Listing 1. A simple shell script to synchronize your home directory across many remote machines
#! /bin/zsh

for each machine (groucho chico harpo)
    rsync -e ssh --times --perms --recursive --delete $HOME $machine:
end

To use Listing 1 as a shell script, save the contents above to a file -- say, simpleprop.zsh -- and run chmod +x simpleprop.zsh to make the file executable. You can the run the script by typing ./simpleprop.zsh.

If you'd like to see how Z shell expands each command, add the -x option to the end of the #! (the octothorp-exclamation pair is commonly referred to as shuh-bang) line of the script, like so:

#! /bin/zsh -x

For each computer, groucho, chico, and harpo, the script runs the rsync command, replacing $HOME with your home directory (for example, /home/joe) and $machine with a computer name.

As demonstrated in Listing 1, variables and script control structures, such as loops, make scripts easier to write and simpler to maintain. If you'd like to include a fourth computer, such as zeppo, to your pool, simply add it to the list. If you must change the rsync command, say, to add another option, there's only one instance to edit. As in traditional programming, you should strive to avoid cut-and-paste in shell scripts, too.


Making a good argument

Other shell scripts require arguments, or a dynamic list of things -- files, directories, computer names -- to process. As an example, consider Listing 2, a variation of the previous example that allows you to use the command line to name the computers you'd like to synchronize to.

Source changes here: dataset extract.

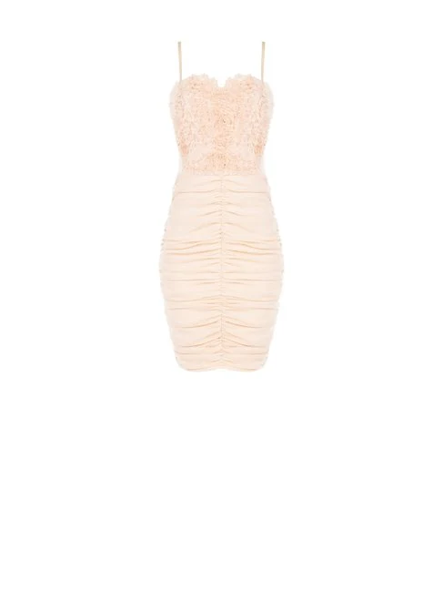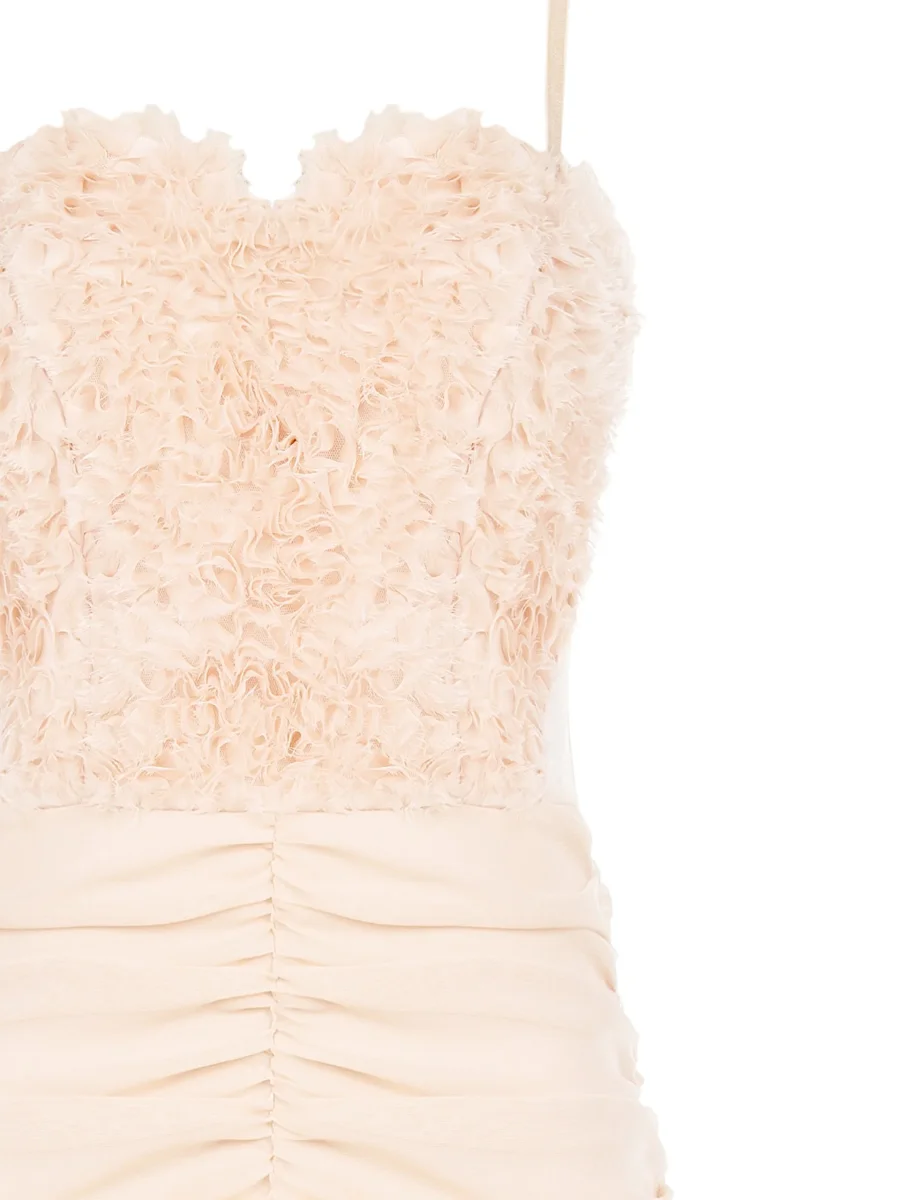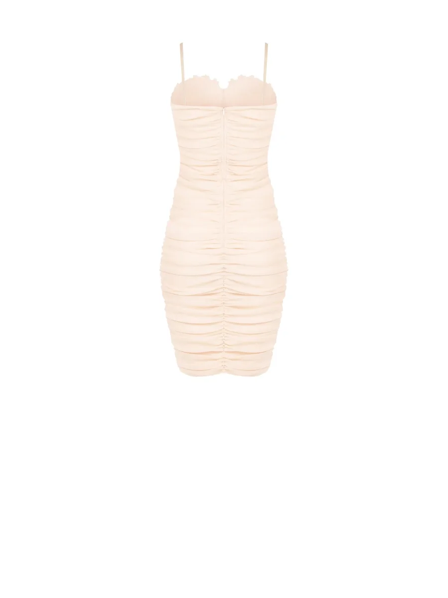 Abito “Blush Whisper”. Abito lunghette in tessuto fluido con scollo drappeggiato d’avanti e scollatura profonda sul dietro

Listing 2. A variation of Listing 1 that allows you to name which computers to process
#! /bin/zsh

for each machine
    rsync -e ssh --times --perms --recursive --delete $HOME $machine:
end

Assuming that you save Listing 2 in a file called synch.zsh, you'd invoke the script as zsh synch.zsh moe larry curly to copy your home directory to the computers moe, larry, and curly.

The missing list on the foreach line isn't a typo: If you omit a list, the foreach structure processes the list of arguments given on the command line. Command-line arguments are also called positional parameters, because the position of an argument on the command line is usually semantically important.

As an example, Listing 2 can leverage the existence or non-existence of positional parameters to provide a helpful usage message if you specify no arguments. The enhanced script is shown in Listing 3.

Listing 3. Many scripts provide helpful messages if no arguments are provided
#! /bin/zsh

if [[ -z $1 || $1 == "--help" ]] 
then
    echo "usage: $0 machine [machine ...]
fi

foreach machine
    rsync -e ssh --times --perms --recursive --delete $HOME $machine:
end

Each space-delimited string on the command line becomes a positional parameter, including the name of the script being invoked. Hence, the command synch.zsh has only one positional parameter, $0. The synch.zsh --help command has two: $0 and $1, where $1 is the string --help.

So, Listing 3 says, "If the first positional parameter is empty (the -z operator tests for an empty string) or (denoted by ||) if the first parameter is equal to '--help', then print a usage message." (If you start writing scripts, consider providing a usage message in each one as a hint. It reminds others -- and even you, if you forget -- how to use the script.)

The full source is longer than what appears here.